Alors que Jonathan Crane prépare l'acte final de son Etat de la Peur, il est abattu par Mahoney. Celui-ci, tel un illuminé, pense plus que jamais être la réponse au désordre de Gotham. Batman s'interpose et confie à Molly le soin d'éteindre la machine de Wyze.
Batman réussit, difficilement, à stopper Mahoney lorsqu'un tremblement de terre secoue les fondations du repaire de l'Epouvantail. Queen Ivy se déchaîne alors que Ghost-Maker a repéré des renforts envoyés par Simon Saint pour la tuer...
Pour la première fois dans la saga Fear State, on peut lire une mention explicite à l'event Future State, paru au début de cette année et qui montrait Gotham sous la coupe d'un nouveau régime paramilitaire, le Magistrat, mais aussi l'apparition du Next Batman et la résistance menée par Bruce Wayne, Catwoman et d'autres héros ou vilains.
C'est donc au détour d'un dialogue prononcé par l'Epouvantail que Future State est cité. Et cette citation pose les limites de Fear State qui a voulu jouer avec la possibilité de ce futur cuachemardesque tout en l'évitant, tout en prouvant que l'event DC de début 2021 n'était qu'un futur et pas le futur. C'est un étrange sentiment qui s'empare du lecteur alors, comme si l'éditeur l'avait baladé avant de, finalement, décider que, non, cette histoire ne prendrait pas une direction aussi radicale. Future State n'était donc pas un énorme spoiler pour Fear State, mais une probabilité narrative.
On cerne la limite alors et de Future State (qui n'a été qu'un cauchemar, un "Elseworld", un "What if.. ?") et de Fear State (qui nous a fait miroiter une conclusion radicale sans oser la franchir). James Tynion IV aurait-il été plus loin s'il avait choisi de rester le scénariste de Batman ? Ou s'est-il ravisé en songeant à son successeur ? Ou bien DC n'a-t-il jamais songé un instant à emprunter un tournant franchement culotté, vestige du projet 5G de Dan Didio (où les héros les plus emblématiques laissaient place à une nouvelle génération) ? On ne le saura sans doute jamais.

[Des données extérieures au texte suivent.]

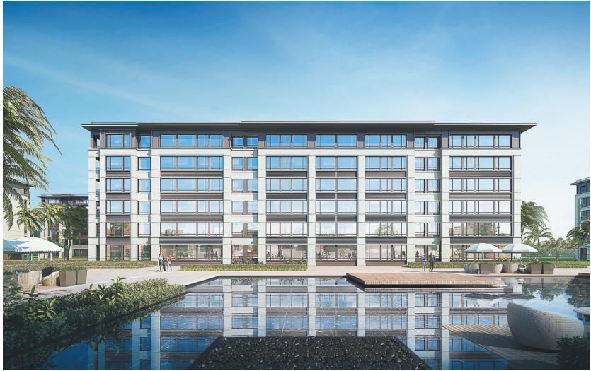
预售许可证号：【2020】海房预字（0091）号

Alors puisqu'il faut en finir avec cette intrigue, qui était partie sur les chapeaux de roue, après l'arc The Cowardly Lot en guise de prélude, Tynion IV livre une pré-conclusion conventionnelle, à grands coups de baston, d'effondrement, de re-baston, de coup de théâtre téléphoné. Le folklore super-héroïque a repris tous ses droits et écrase toute velléité d'originalité, il faut que Batman gagne, que l'Epouvantail perde et que Sean Mahoney paie.
C'est dommage parce qu'au fond, ce que ça dit vraiment de la fin de run de Tynion IV, c'est que ce qu'il a apporté à la série se consume en temps réel. Gâgeons que ni Simon Saint, ni Sean Mahoney, et certainement avec eux Ghost-Maker, la Jardinière, Queen Ivy, ne lui survivra. En renonçant à Batman pour la liberté du creator-owned et du pactole offert par Substack, James Tynion IV a fait le choix de sacrifier rapidement tout ce qu'il avait ajouté à la série, personnages, intrigues, etc. Son plan sur trois ans n'est plus d'actualité, ne sera pas repris par le prochain scénariste de la série (visiblement), et à l'image de Queen Ivy qui veut provoquer l'effondrement de Gotham, Tynion va certainement sacrifier, enterrer son legs.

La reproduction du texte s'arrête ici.